Bakü için havalimanına doğru gidiyoruz.
Astrolojide zihin kapasitemizi ve iletişim kurma biçimimizi gösteren Merkür gezegeni geri hareketinde. Aklımıza ve dilimize edep zamanları.
İş ortağımla, ki kendisi eşim olur, geçmişte birlikte işbirliği yaptığımız eski bir müşterimizin şirketinde eğitim vereceğiz.
Trafik süper yoğun. Avrasya Tüneli’ni tercih ediyoruz.
Taksiyle yolda giderken aklıma birden yazılarım ve ödevlerim geldi.
Sanalyazıevi’nde yazar olduğumu cümle alem biliyor sanırım.
En son bitirmem gereken dersime malzeme arıyorum ama konuyu da unutmuşum. Nasıl bir zihin yapımız varsa okuduğumuz şeyler bir şekilde beynimize kodlanıyor. Mesajı görünce zihin hemen anımsıyor. Ve olması gereken için de çok zorlamamak gerekiyor. Bir anda çıkıyor.
Yolda giderken zihnim fırfır dönüyor.
Hep bir bilgi ve ilgi arayışı içinde.
Trafik tıkanınca önümüze bir kamyon düşüyor.
Kamyonun arkasında bir yazı: “Öyle birini sev ki, sen ölünce o hiç yaşamasın”
Yok artık! diyorum. Dersim resmen karşımda. Hocamız ödev olarak bizden araba yazılarından esinlenerek bir yazı yazmamızı istemişti.
Yuh, diyorum, bu nasıl bir söz.
Bu ne bencilce bir arzu.
İçim ürperiyor.
Kendime gelemiyorum bir süre.
Ödevin yazılacağı konu belli oldu ama içim de pek almadı, diye düşünüyorum.
Tam havalimanı için Avrasya köprüsüne girmek üzereyiz.
Ben düşüncelere dalmışım; nasıl bir kamyon şoförü acaba bu kişi?
Neler yaşamış da böyle bir yazı asmış, diye düşünüyorum…
Düşünceler denizinde yüzerken, sabah trafiğinde uyuklayan eşim aniden irkiliyor, bana dönüp, “Pasaportumu evde unuttum,” diyor.

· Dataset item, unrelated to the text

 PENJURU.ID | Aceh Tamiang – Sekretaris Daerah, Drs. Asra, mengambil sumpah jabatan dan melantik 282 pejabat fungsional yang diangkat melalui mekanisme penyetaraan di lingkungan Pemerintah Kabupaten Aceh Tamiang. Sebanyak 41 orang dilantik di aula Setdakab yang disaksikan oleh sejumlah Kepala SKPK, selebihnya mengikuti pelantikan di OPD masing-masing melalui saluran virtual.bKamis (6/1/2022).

Yazının başında zihin tutulması Merkür’den bahsetmiştim.
Eski ben böyle konularda panik olurdu. Gelişmiş ben, eve dönelim, diyor.
Çok sakinim.
Zaman daralıyor, ben hâlâ sakinim, akıştayım. Ve akışta olmaktan çok huzurluyum.
Aklım hep o sözde.
Taksi bizim eve doğru giderken zihnimde bir sürü soru var.
Birini sevmek, bizim ülkede öldürmek anlamına mı geliyor?

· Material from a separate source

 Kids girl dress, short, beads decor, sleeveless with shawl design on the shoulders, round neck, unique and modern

Aşk güzel bir şey aslında; sevdiğinin mutlu olduğunu bilmek yeterli değil mi?
Her aşk hüsranla mı bitmeli ?
Sonu acıklı olmayınca aşk, aşk olmuyor mu ?
Aşk ölümsüz mü olmalı? Evet, ama kalana da yazık değil mi?
Bu arada eve varıyoruz, pasaport alınıyor ve tekrar Avrasya Tüneli’nden havalimanına yöneliyoruz.
İçimde tuhaf bir heyecan var.
Acaba uçağa yetişebilecek miyiz ?
Yaşamın minik, kimine tatsız, bana hep gizemli gelen aksilikleri acaba hangi tanışmalara vesile olacak ?
Zamanında uçağa yetişiyoruz.
Hatta ben alışveriş bile yapabiliyorum.
İşte aşkın gücü. Astroloji ve yaratana aşk.